I'm going to assume 3d6 is rolled by rolling one die three times, so there is no ambiguity about what we mean by "first" roll or "last" roll.

The first case is where one roll is lower than the other two. The lowest-value roll then cannot be greater than $5$, so there are five sub-cases, one for each value of the lowest-value roll. If the lowest-value roll has value $n$ then you have $6 - n$ possible values for each of the other two rolls.

Taking the relative order of those two rolls into account gives you $(6 - n)^2$ equally-likely pairs whose sum has a triangular distribution. (Basically like rolling two $(6 - n)$-sided dice, but the sums start at $2n + 2$ instead of $2$.)
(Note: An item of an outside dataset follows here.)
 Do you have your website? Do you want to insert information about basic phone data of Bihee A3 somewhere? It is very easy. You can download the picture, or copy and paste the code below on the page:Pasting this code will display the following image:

Now consider permutations of the rolls that move the low roll but preserve the order of the other two rolls. There are three such permutations. This means each of the $(6 - n)^2$ pairs counted in the previous paragraph occurs $3$ times within the $216$ equally-likely sequences of three rolls. So take the distribution you computed in the previous paragraph and multiply all frequencies of sums by $3$.

The second case is where the lowest rolled number occurred exactly twice: two rolls are the same and the other roll is higher. That is, you did not get the same number three times, but you did not get the first case either.
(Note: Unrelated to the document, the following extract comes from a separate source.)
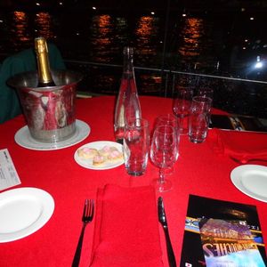 母と2人でパリ旅行。最終日の夜に豪華なディナーを・・・と思い申し込みました。とても楽しみにしていたのですが当日は朝からあいにくの雨。クルーズの時間には何とか止んでくれましたが霧がすごくてエッフェル塔が上半分見えず残念。申し込みは天気予報を見てからだなと実感しました。ディナーはコース料理を選べます。とってもおいしかった!またパリへ旅行した際にはぜひ晴れた日に乗りたいと思います。

Again there are five sub-cases. This time, if the lowest roll is $n$, there are only $6 - n$ possibilities for the high roll, each of which gives you a different sum. However, you have three permutations to count, depending on whether the high roll was the first, second, or third roll. So for each sub-case you have a uniform distribution across $6 - n$ sums with frequency $3$ for each sum.

Finally you have the case where all three rolls are the same. This produces each of the sums $2, 4, 6, 8, 10, 12$ exactly once each.

Altogether you have to compute $46$ frequencies under this method: $25$ for the first case, $15$ for the second case, and $6$ for the third case. Having written the frequencies in columns labeled $2$ to $12$ according to the resulting sums, add up the numbers in each column. This will give you the relative frequency of each sum over all cases. These relative frequencies must add up to $216$.

This is tedious enough that I would rather do it by spreadsheet than by hand. But it's far less tedious than listing $216$ separate cases, and I think less error-prone than a lot of other methods.